| Excerpted records |
......

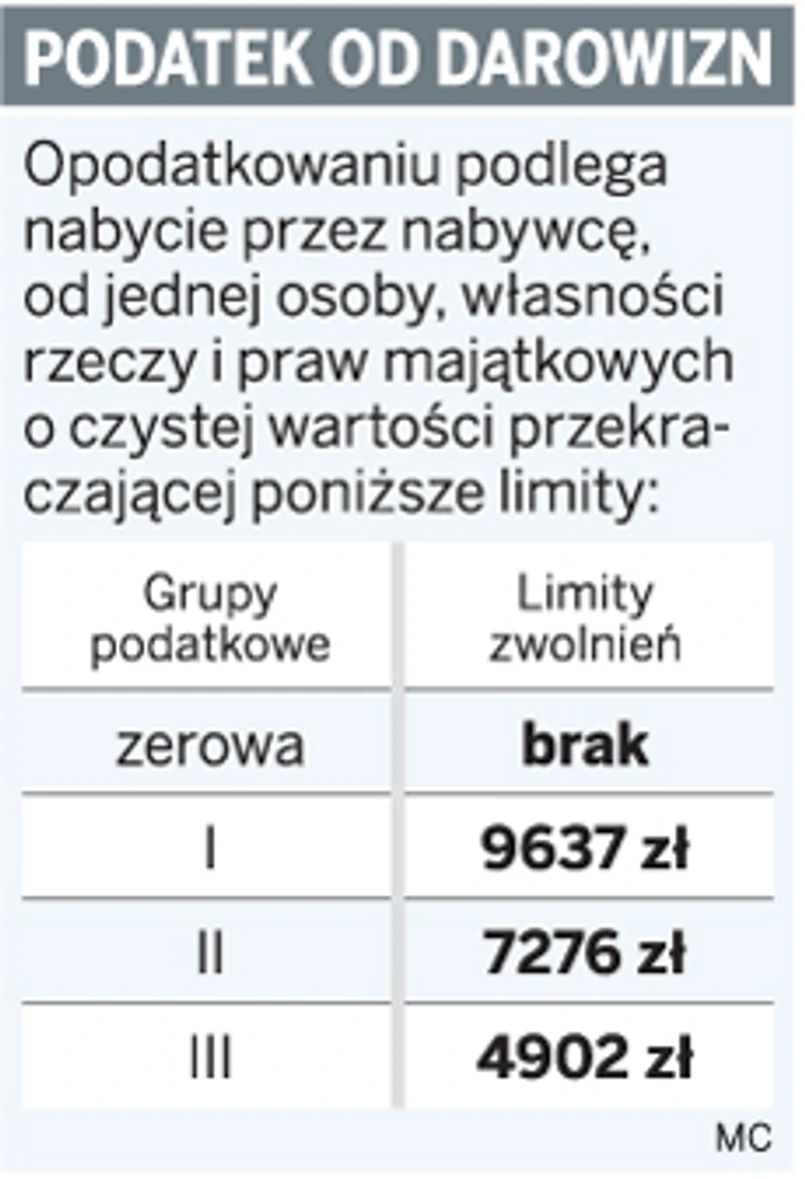 Małgorzata Gorzkowska, prawnik z Auxilium, tłumaczy, że na podstawie art. 4a ustawy o podatku od spadków i darowizn (t.j. Dz.U. z 2009 r. nr 93, poz. 768) zwolniono od podatku nabycie własności rzeczy lub praw majątkowych przez małżonka, zstępnych, wstępnych, pasierba, rodzeństwo, ojczyma i macochę (tzw. zerowa grupa podatkowa). Otrzymujący darowiznę od najbliższych korzystają ze zwolnienia od podatku.
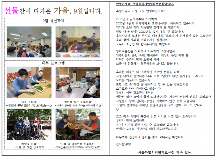 2020년 9월 후원자 감사편지 페이지 정보 작성자 박상은 작성일 20-09-11 15:57 조회 14,413회 댓글 0건 본문 2020년 9월, 아름다운 가을에 늘 나눔으로 함께해주시는 후원자님께감사의 편지를 올립니다. 이전글 다음글 목록
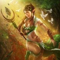 The image depicts a fantasy-themed character. She appears to be an elf, given
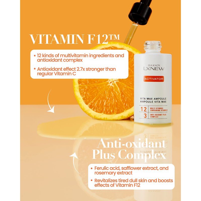 - ISA KNOX VITAMIN MAX AMPOULE WEEKLY KIT (5ml/0.17fl oz x 3) - LXNEW Vitamin Max Ampoule is a lightweight serum infused with nourishing ingredients, notably vitamin C, that enhance the skin's natural radiance and elasticity. It delivers intense moisture for an immediate, revitalized healthy glow. Each kit includes three mini-sized ampoules to maintain maximum freshness and reduce exposure to air.
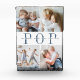 Create a sweet gift for a beloved grandfather with this four photo collage vertical acrylic block. "Pop" appears in the centre in soft blue lettering, with your custom message and grandchildren's names overlaid.
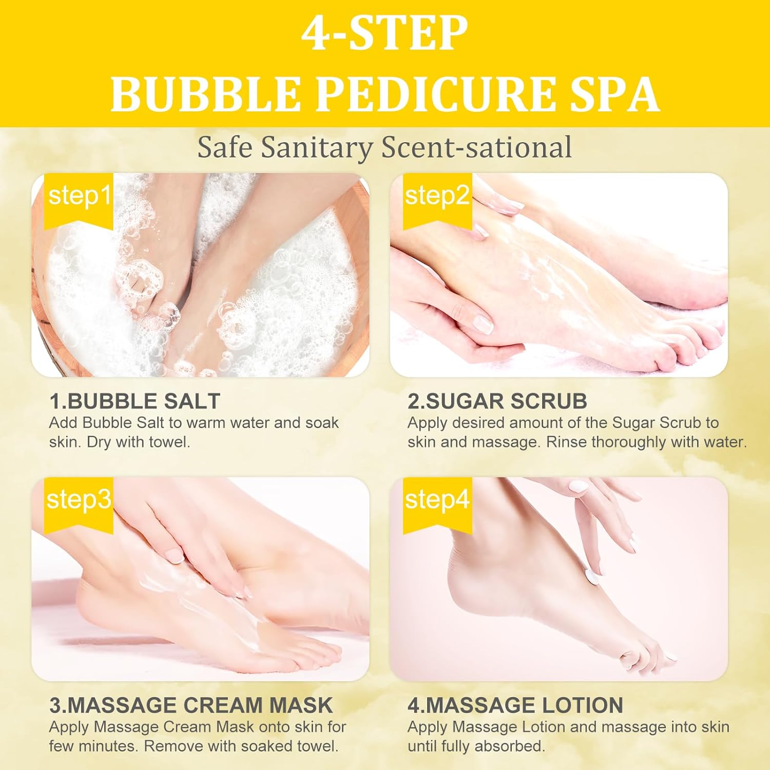 - β[Package Includes]: Exfoliating Foot Spa Pedicure Kit consists of 3* Bubble Salt, 3*Sugar Scrub, 3*Massage Mask, and 3*Massage Lotion for a 4-step foot spa at home. Formated to be gentle on the skin, you are sure to feel your skin feeling soft and supple after use.
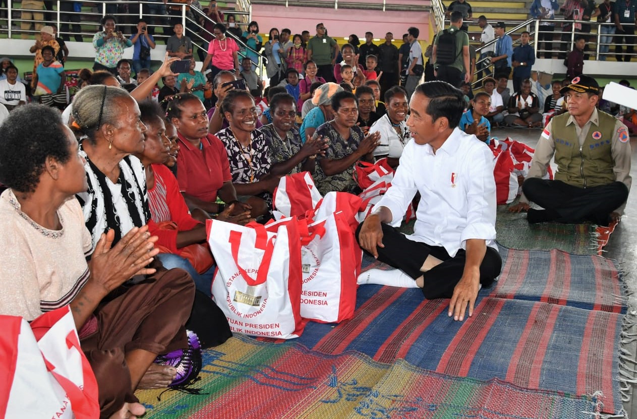 Kepala Negara beserta Ibu Negara Iriana Joko Widodo yang menemui pengungsi di Posko pengungsian GOR Touware, kampung Kwadeware, distrik (kecamatan) Waibu, Kabupaten Jayapura, Senin (1/4/2019).
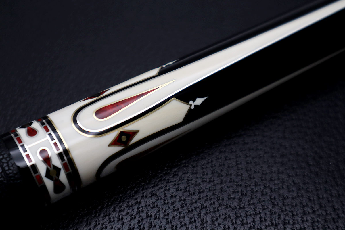 本作品は、『バラブシュカ』や『ザンボッティ』と同時代の老舗カスタムキューメーカーである、巨匠『Gina(アーニー・ギュテレス氏)』 2013年制作の“Gina 50th Anniversary Cue”です。
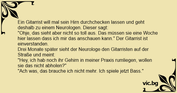 Ein Gitarrist will mal sein Hirn durchchecken lassen und geht deshalb zu einem Neurologen. Dieser sagt:
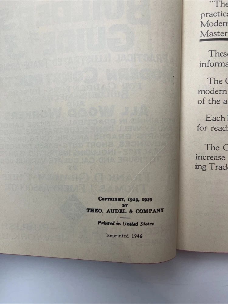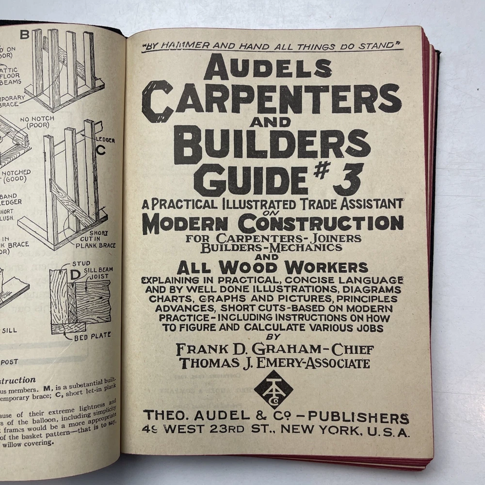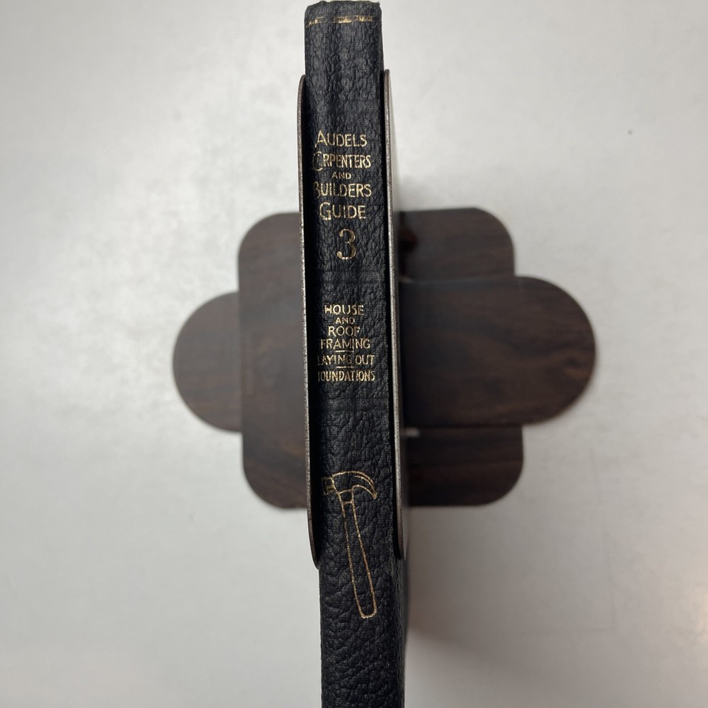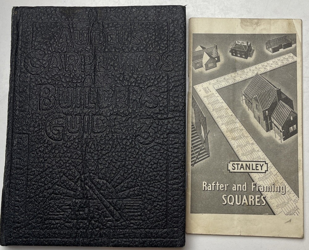 This vintage Audels Carpenters and Builders Guide Book #3 is a valuable addition to any collection of antique building and construction literature. The leather bound book, published in 1946 by Theo. Audel & Co. in New York, contains a wealth of information on carpentry and building techniques. Plus Stanley squares.
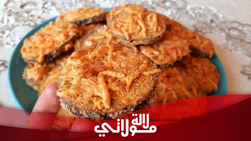 المقادير:حبات بادنجان مقطعة دوائر+كمية من الشابلير (بقسماط)+كمية من دقيق الفينو+كمية من دقيق الذرة+ 2حبات بيض
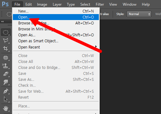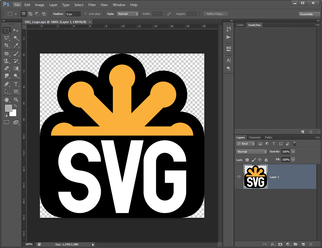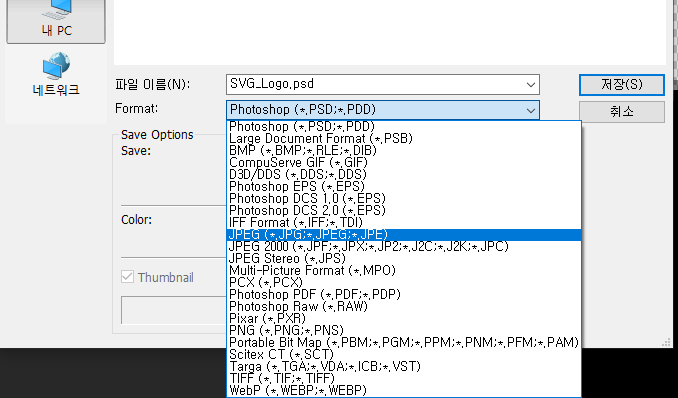 1)일반적으로 포토샵에서 svg 형식의 파일을 열기 불가능하다.
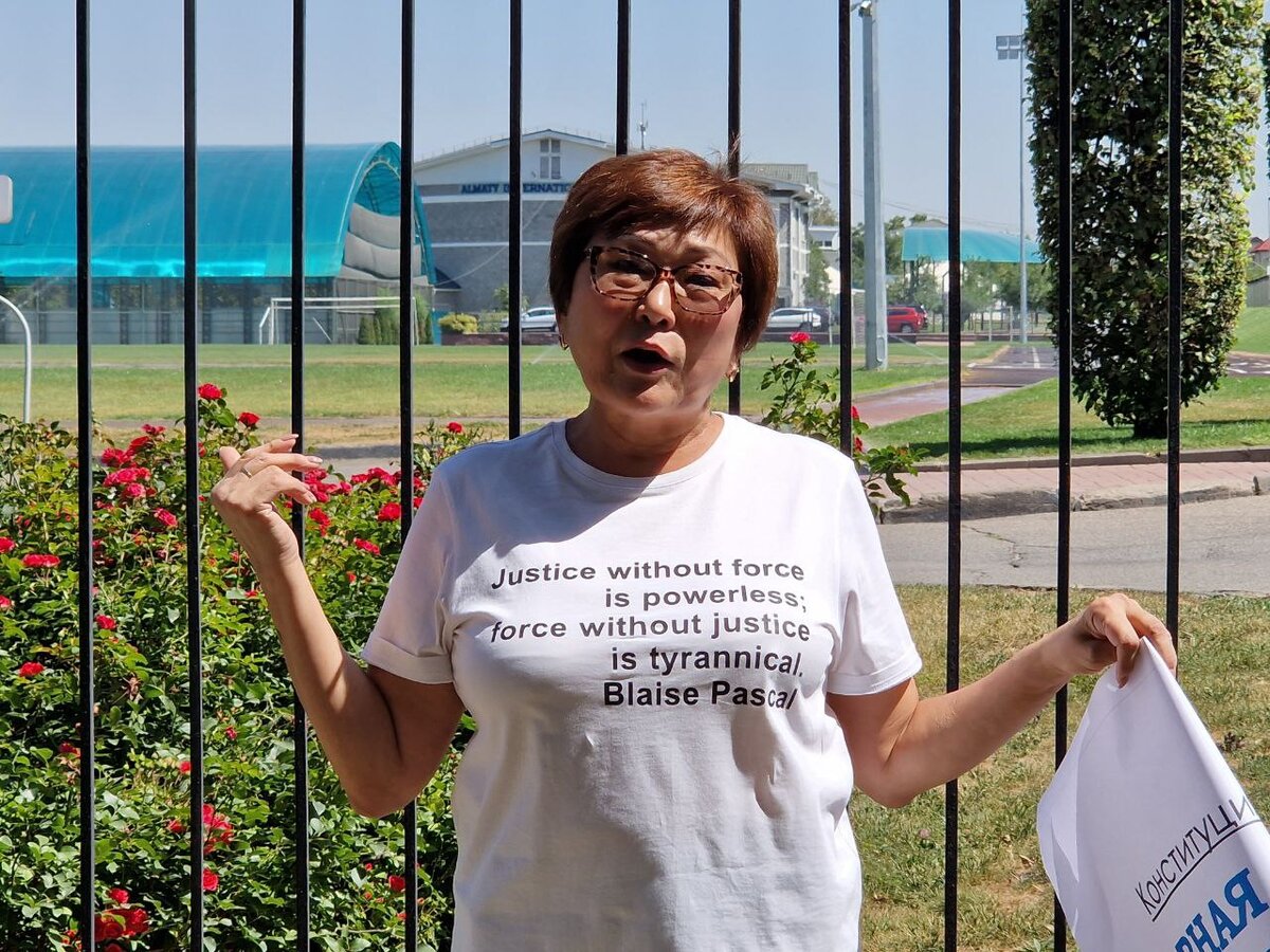 С Жаныл Омаровой расторгли контракт после 30 лет работы в алматинской международной школе. Сегодня она проводит одиночный пикет около её ворот.

......

Transcribe exactly the span of lines that opens with the line holding "- β[Package Includes]: Exfoliating" and closes with the last line of the entries above. Omit pictures.

| The answer |
 - β[Package Includes]: Exfoliating Foot Spa Pedicure Kit consists of 3* Bubble Salt, 3*Sugar Scrub, 3*Massage Mask, and 3*Massage Lotion for a 4-step foot spa at home. Formated to be gentle on the skin, you are sure to feel your skin feeling soft and supple after use.
 Kepala Negara beserta Ibu Negara Iriana Joko Widodo yang menemui pengungsi di Posko pengungsian GOR Touware, kampung Kwadeware, distrik (kecamatan) Waibu, Kabupaten Jayapura, Senin (1/4/2019).
 本作品は、『バラブシュカ』や『ザンボッティ』と同時代の老舗カスタムキューメーカーである、巨匠『Gina(アーニー・ギュテレス氏)』 2013年制作の“Gina 50th Anniversary Cue”です。
 Ein Gitarrist will mal sein Hirn durchchecken lassen und geht deshalb zu einem Neurologen. Dieser sagt:
 This vintage Audels Carpenters and Builders Guide Book #3 is a valuable addition to any collection of antique building and construction literature. The leather bound book, published in 1946 by Theo. Audel & Co. in New York, contains a wealth of information on carpentry and building techniques. Plus Stanley squares.
 المقادير:حبات بادنجان مقطعة دوائر+كمية من الشابلير (بقسماط)+كمية من دقيق الفينو+كمية من دقيق الذرة+ 2حبات بيض
 1)일반적으로 포토샵에서 svg 형식의 파일을 열기 불가능하다.
 С Жаныл Омаровой расторгли контракт после 30 лет работы в алматинской международной школе. Сегодня она проводит одиночный пикет около её ворот.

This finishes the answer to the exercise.